Reading the decision during a session broadcast on state television channel VTV, Justice Tania D’Amelio said the court concluded Maduro was in a “material and temporary impossibility to exercise his functions.” Under the order, Rodríguez will “assume and exercise, as acting president, all the powers, duties and faculties inherent to the office of president of the Bolivarian Republic of Venezuela,” citing the need to guarantee administrative continuity and the nation’s defence. Venezuela’s constitution stipulates that the vice president replaces the president in cases of temporary or absolute absence.

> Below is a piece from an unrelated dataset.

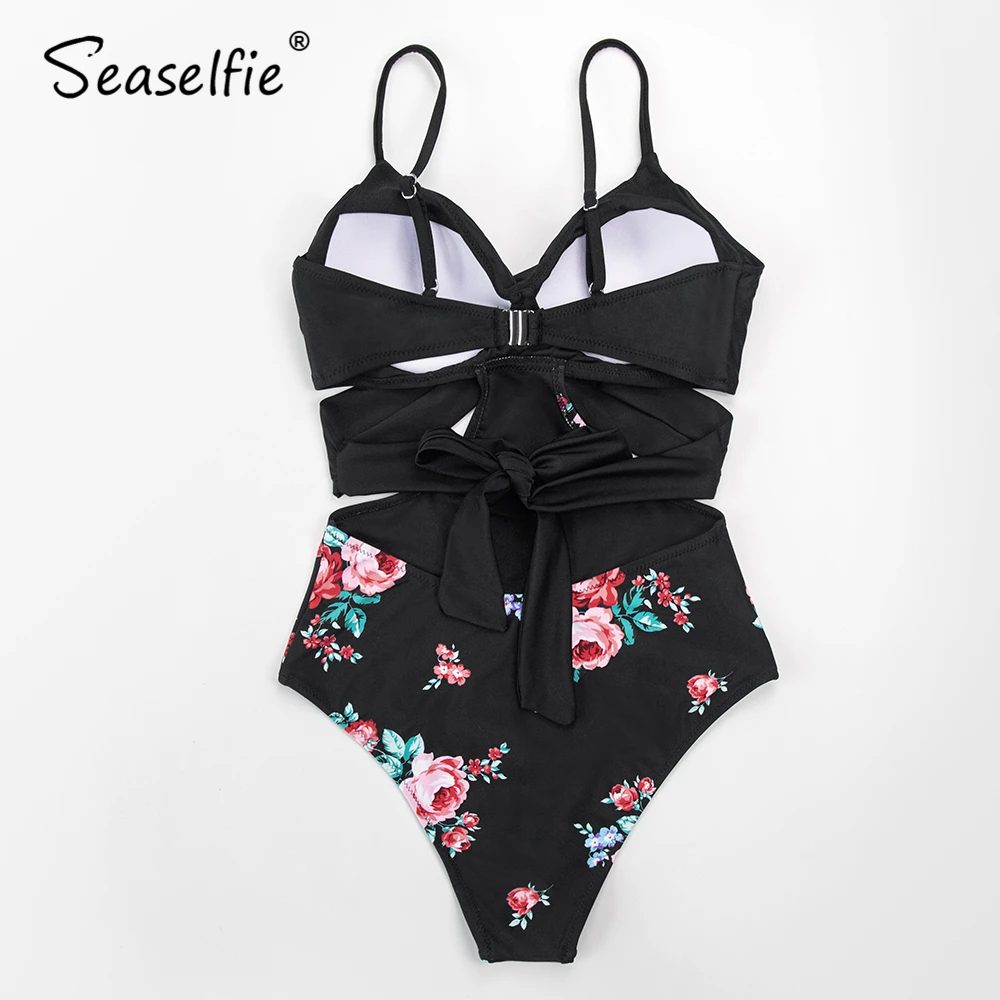 SEASELFIE черный цветочный вырез цельный купальник для женщин сексуальные литые чашки пуш-ап Монокини купальник 2022 купальный костюм Пляжная одежда

The ruling followed reports that US forces bombed Caracas and abducted Maduro and his wife, developments that initially energised Venezuela’s fractured opposition. “Venezuelans, the hour of freedom has arrived,” said María Corina Machado, leader of the opposition movement and recipient of the 2025 Nobel Peace Prize.
Machado urged the immediate installation of Edmundo González Urrutia as president and called on the military to back him. Most Western governments consider González the legitimate winner of Venezuela’s disputed 2024 presidential election.
Opposition momentum appeared to falter after US President Donald Trump publicly questioned Machado’s standing and suggested he would instead work with Rodríguez, a longtime Maduro ally. Asked whether Machado would play a role in a post-Maduro government, Trump said he had not spoken with her and claimed she lacked sufficient support or respect within the country.